Non-Striving: In mindfulness, we observe the present moment, purposefully, and with non-judgment. There is no place to be or not be, or state to accomplish. No goal to achieve. Sounds counterintuitive, but striving and attachment can be obstacles to practice. We are not trying to “feel good” or “make our minds blank,” which is silly and impossible.We are simply bringing a kind and gentle awareness to what is present in this moment, whether it is pleasant, unpleasant, or neutral. I once experienced euphoria in a sitting, five years ago! It was quite pleasant, and I would love to experience it again, but it would have been a long and frustrating five years seeking out that moment again. Fact is I often find sitting to be a challenge, but life is challenging, and since there is no goal, non-striving allows us to be present with whatever is happening right now in our lives. As my dear friend and colleague Drew Buss, of Into Balance, shared recently “The more you strive and search for happiness, the more you overlook the possibility that it is already here.”
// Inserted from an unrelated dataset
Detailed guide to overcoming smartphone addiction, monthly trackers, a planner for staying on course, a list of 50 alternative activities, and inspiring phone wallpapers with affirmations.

Acceptance: Sometimes radical, and incredibly therapeutic, we must learn to accept ourselves for who we are if we are to make meaningful change in our lives. Sometimes we succeed. Sometimes we fail miserably. Life is the full catastrophe, and we as humans experience a broad range of events in our lives. What has happened has already happened, the past can’t be changed. The only moment we have to do anything with, respond, and take action in is this present moment, NOW! Experiencing a divorce was unpleasant for me, but life goes on. Sometimes you have to accept events that are unpleasant and uncomfortable. Once you accept them, however, whether it is a failure or even a success you can learn from them in order to grow. When you grow you get stronger, and we are all capable of cultivating a growth mindset. We all want to succeed and win, but we have to accept the fact that sometimes we won’t, and that’s okay, for we know we can be brave, resilient, can improve, and should we choose become stronger.
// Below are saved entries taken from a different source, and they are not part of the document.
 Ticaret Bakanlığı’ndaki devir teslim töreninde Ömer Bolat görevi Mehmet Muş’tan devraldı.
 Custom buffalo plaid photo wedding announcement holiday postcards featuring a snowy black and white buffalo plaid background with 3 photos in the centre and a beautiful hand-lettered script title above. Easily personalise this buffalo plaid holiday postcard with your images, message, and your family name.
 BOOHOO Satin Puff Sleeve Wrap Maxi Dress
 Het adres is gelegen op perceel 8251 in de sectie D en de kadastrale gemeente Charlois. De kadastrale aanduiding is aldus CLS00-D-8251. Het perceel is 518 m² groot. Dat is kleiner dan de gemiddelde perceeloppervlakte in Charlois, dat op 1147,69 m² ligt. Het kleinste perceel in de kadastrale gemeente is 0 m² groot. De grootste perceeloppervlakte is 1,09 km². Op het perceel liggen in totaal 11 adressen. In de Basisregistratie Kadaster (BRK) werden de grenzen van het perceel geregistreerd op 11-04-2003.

Letting Go: A fundamental concept of mindfulness is cultivating the skill of letting things go, or letting them be. We can choose not to avoid or run away from obstacles, challenges, or even sever and chronic pain we experience which is unpleasant but to observe the thoughts, physical sensations, and emotions no matter how pleasant or unpleasant they are, and allowing them to be as you observe them in the present moment, and without judgment, kindness, and compassion. And giving yourself permission to allow them to come into the field of our awareness and pass. All things are impermanent. Embracing obstacles in any moment with patience, compassion, and kindness. It should be noted that this is a challenging concept to learn. I can hold on to my personal failures forever, but it won’t help me grow. Thomas Edison failed many times before he invented the light bulb. Michael Jordan missed thousands of shots, but made a few of them we’ll remember forever. Each man continued to work harder, grow, and evolved because of their failure, much to our convenience and delight. I would argue their failure motivated them to succeed. Letting go, or letting things be, allows us to make forward progress. And if we fail, fall forward always!